URL Filter Databases: Overview

URL filter databases are used by security vendors to categorize websites and assess their reputation. These databases help in blocking access to malicious or inappropriate content and are a key component of web security solutions.

How URL Filter Databases Work

  1. Categorization: URLs are categorized based on their content. Categories can include topics like news, social media, adult content, gambling, etc.
  2. Web Reputation: URLs are also assessed for their reputation, which involves checking for malicious activity, phishing, malware distribution, etc.
  3. URL Checking Process:
    • New URL: When a new URL is encountered, it is analyzed using various parameters such as domain age, IP address reputation, content analysis, and historical data.
    • Known URL: Known URLs are periodically re-checked to ensure their categorization and reputation are up-to-date.
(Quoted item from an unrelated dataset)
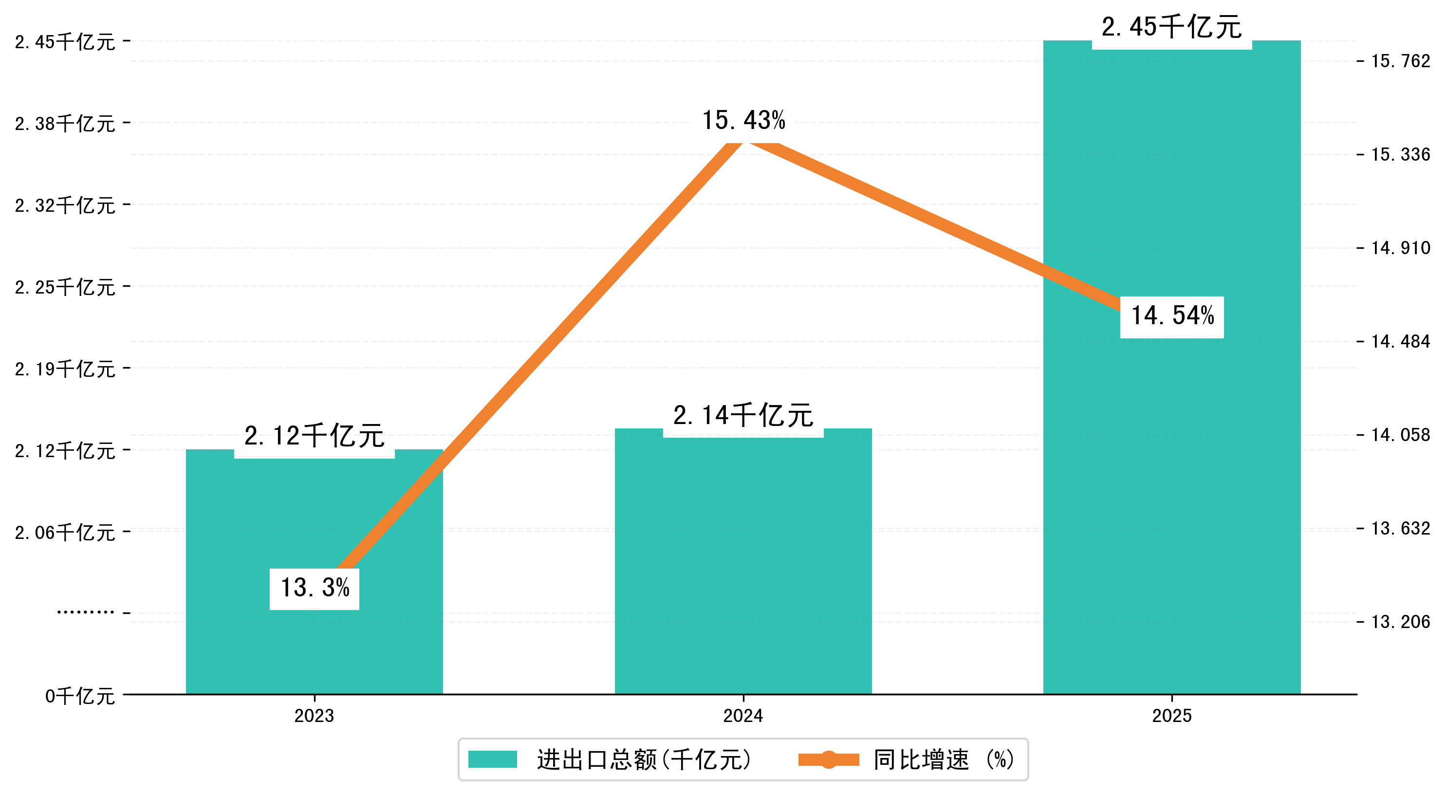 以人民币计,2025年1-8月常州市贸易差额为1555,0767,4071万元(贸易顺差),相比上年同期增加了310,6497,6466万元,同比增加24.96%。

This involves re-evaluating the same parameters used for new URLs.

False Positives and False Negatives

  • False Positives: Legitimate URLs incorrectly categorized as malicious or inappropriate.
  • False Negatives: Malicious or inappropriate URLs incorrectly categorized as safe.

Major Security Vendors and Their URL Databases

Here’s a comparison table of URL databases from major vendors:

Vendor Name of URL Database Products Using This Database
Google Safe Browsing Chrome
Zscaler TBD Zscaler Internet Access (ZIA)
Netskope TBD Netskope TBD
Microsoft SmartScreen Edge and Internet Explorer
Checkpoint ThreatCloud Firewall, Endpoint Security
PaloAlto PAN-DB Next-Gen Firewall(NGFW), Prisma
Cisco Talos Umbrella, Firepower
McAfee/Skyhigh/Trellix TrustedSource Web Gateway, Cloud Security, Endpoint Security
Bluecoat/Broadcom WebPulse ProxySG, Secure Web Gateway
Fortinet FortiGuard URL Database Fortigate, FortiProxy, Forti*
Virustotal Virustotal Virustotal

URL Checking Parameters

When building a score, many parameters (sometimes more than 50) are checked, for example:

  • Domain Age: Older domains are generally considered more trustworthy.
  • IP Address Reputation: IP addresses associated with malicious activity are flagged.
  • Content Analysis: The actual content of the website is analyzed for malicious scripts, phishing attempts, etc.
  • Historical Data: Past behavior and reputation of the URL/domain.

Process Description

  1. Initial Categorization: When a URL is first encountered, it is categorized based on its content using automated tools and sometimes human review.
  2. Reputation Assessment: The URL is checked against known malicious databases, and its reputation is assessed based on various factors like domain age, IP reputation, and content analysis.
  3. Continuous Monitoring: URLs are continuously monitored and re-evaluated to ensure their categorization and reputation remain accurate.
  4. User Feedback: Users can often report false positives or false negatives, which are then reviewed and corrected by the security vendor.